Overdose of Digoxin may provoke troublesome arrhythmias or malignant hyperkalemia.
The association between digoxin use and mortality has raised many concerns among researchers, as there is some evidence that it seems to increase mortality risks.
Digoxin has a very narrow therapeutic index, and its administration is subject to drug-drug interactions and comorbidities. In the case of overdose, digoxin immune fab is the reversal agent.
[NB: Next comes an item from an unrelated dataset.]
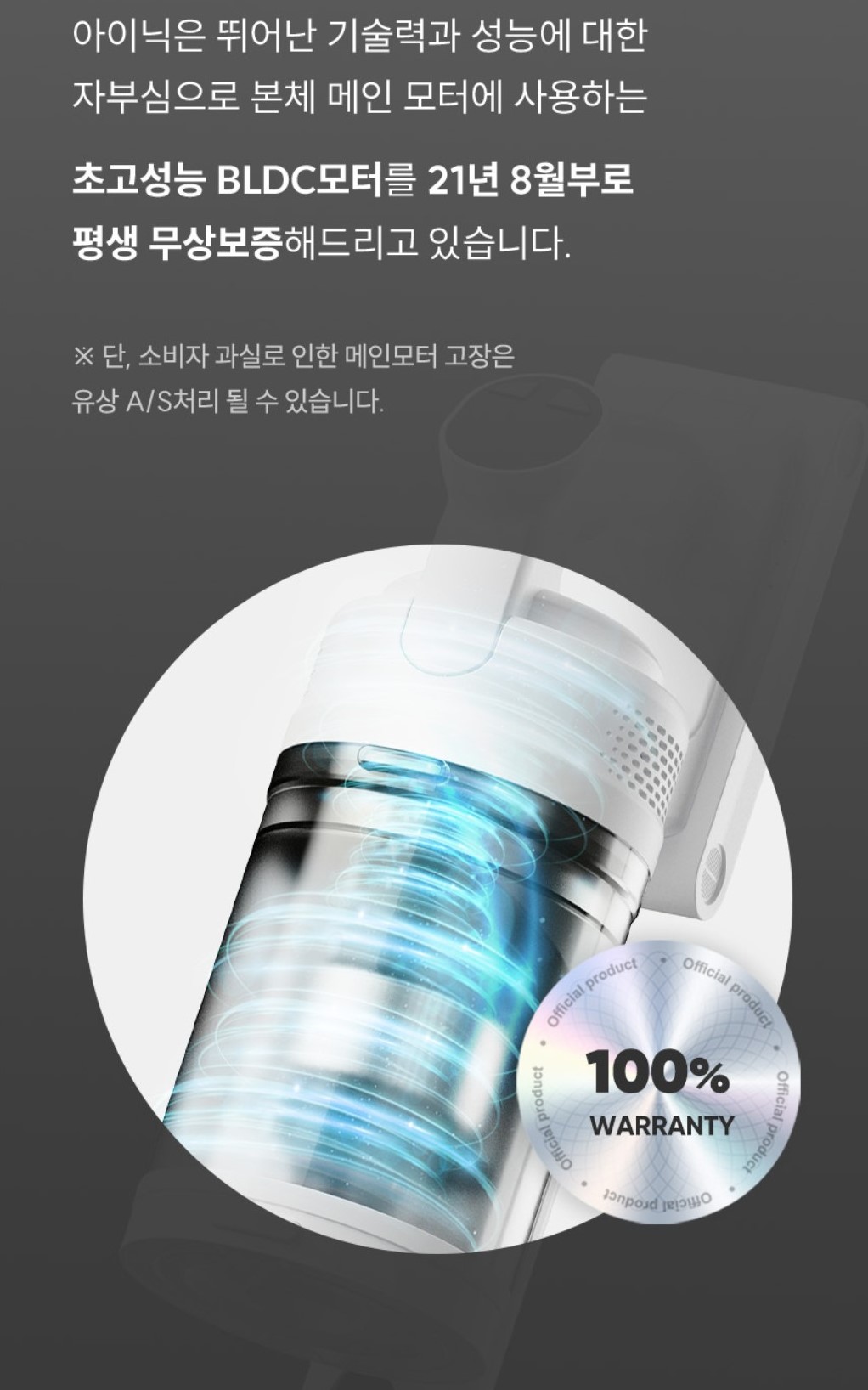 모터부분은 평생 무상보증이라는 점도 마음에 든다.

The following conditions indicate the use of digoxin immune fab:
- Any digoxin-related life-threatening dysrhythmia
- Refractory hyperkalemia
- Serum digoxin concentration over 15 ng/mL at any time or above 10 ng/mL 6 hours post-ingestion
- Acute ingestion of 10 mg in adults
- Acute ingestion of 4 mg in children
- Chronic elevation of serum digoxin concentration with altered mental status, dysrhythmias, or severe gastrointestinal symptoms
Enhancing Healthcare Team Outcomes
Overdose of digoxin may provoke troublesome arrhythmias and malignant hyperkalemia. The association between digoxin use and mortality has raised a lot of concerns among researchers. It seems to increase mortality risks. That is why digoxin therapy requires an interprofessional team to prescribe and oversee therapy. This team includes clinicians, specialists, mid-level practitioners, nurses, and pharmacists, all sharing information and coordinating activities to optimize therapy and prevent adverse effects. [Level 5]
Digoxin has a very narrow therapeutic index, and its administration is subject to drug-drug interactions and comorbidities. The treatment of digoxin toxicity primarily focuses on supportive therapy with intravenous hydration and electrolyte repletion. It requires the contribution of all the medical workforce. Without timely and specific intervention, the patient is at significant risk of dying. If digoxin toxicity is confirmed, after assessing serum blood levels and electrocardiogram, the clinician should:
- Request pharmacy to provide digoxin immune fab and check the patient medication profile for drug interactions.
- Take into account nephrology's input if indications exist for the use of emergent hemodialysis.
- Maintain supportive care with intravenous hydration and electrolyte repletion.
- Refer the patient to the intensive care unit.